И пришел печальный день, один из дней месяца швата пять тысяч семьсот четырнадцатого года, когда Пештский интернат для мальчиков-сирот переселился в Обуду. Правда, Господу не пришлось возиться с разделением вод Дуная, чтобы сто десять воспитанников во главе с воспитателями перешли по дну его, ставшему сушей, на другой берег: все они просто сели на 66-й трамвай и переехали реку по мосту Маргит. Странствие — если, конечно, считать улицу Лео Франкеля и улицу Лайош пустыней — тоже продолжалось не сорок лет, а всего сорок с чем-то минут. А вот уж цель путешествия, заброшенный многоквартирный дом на улице Зичи, при всем желании трудно было бы сравнить с Ханааном.
Разница была настолько разительной, что это признал даже рабби Шоссбергер. «Отныне придется нам жить немного теснее, — сказал он перед воспитанниками на первом богослужении. — Однако после всех тех испытаний, что стали уделом нашего народа за пять тысяч семьсот лет, мы не должны быть слишком требовательными: ведь то, что мы вообще живы, это настоящее чудо и Божье благодеяние».
Из этих утешительных слов Роби Зингер сделал для себя вывод: в чуде в общем-то ничего особенного нет, чудо — это всегда то, что как раз имеет место быть, и чудом оно потому и является, что имеет место быть. До сих пор чудом был роскошный особняк на аллее Королевы Вильмы, а теперь чудо — ветхий дом на улице Зичи.
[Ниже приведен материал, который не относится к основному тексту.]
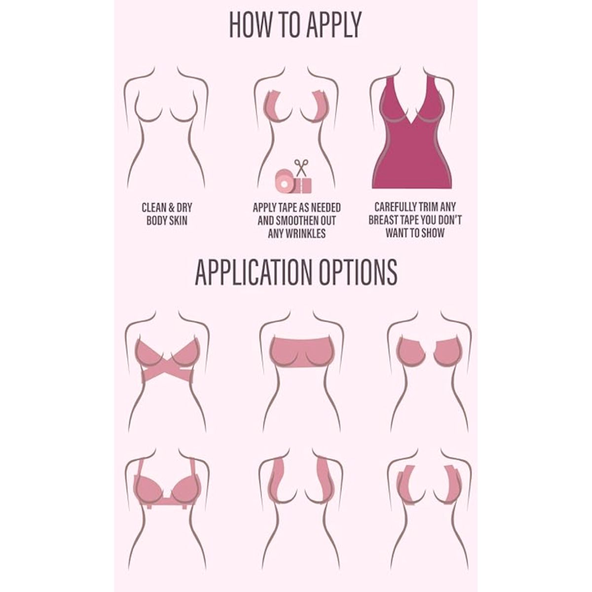 Breast Tape Lift Kit Includes - One roll of boobtape, two silicone nipple protection pasties, six satin boob petals
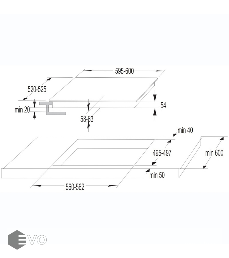 | Размеры встраивания (ВхШхГ), мм: | 30x560x495 |

В то же время вовсе не было чудом то, что интернат, борясь с тяжкими денежными затруднениями, вынужден был продать свою дачу на живописном берегу Дуная: туда каждый год, в месяце сиван или тамуз, интернат выезжал, на пароходах «Кошут» или «Петефи», и проводил там все лето. Теперь они довольствуются более скромным чудом: во время летних каникул каждый день ходят пешком по мосту Сталина на другой берег, в Народную купальню.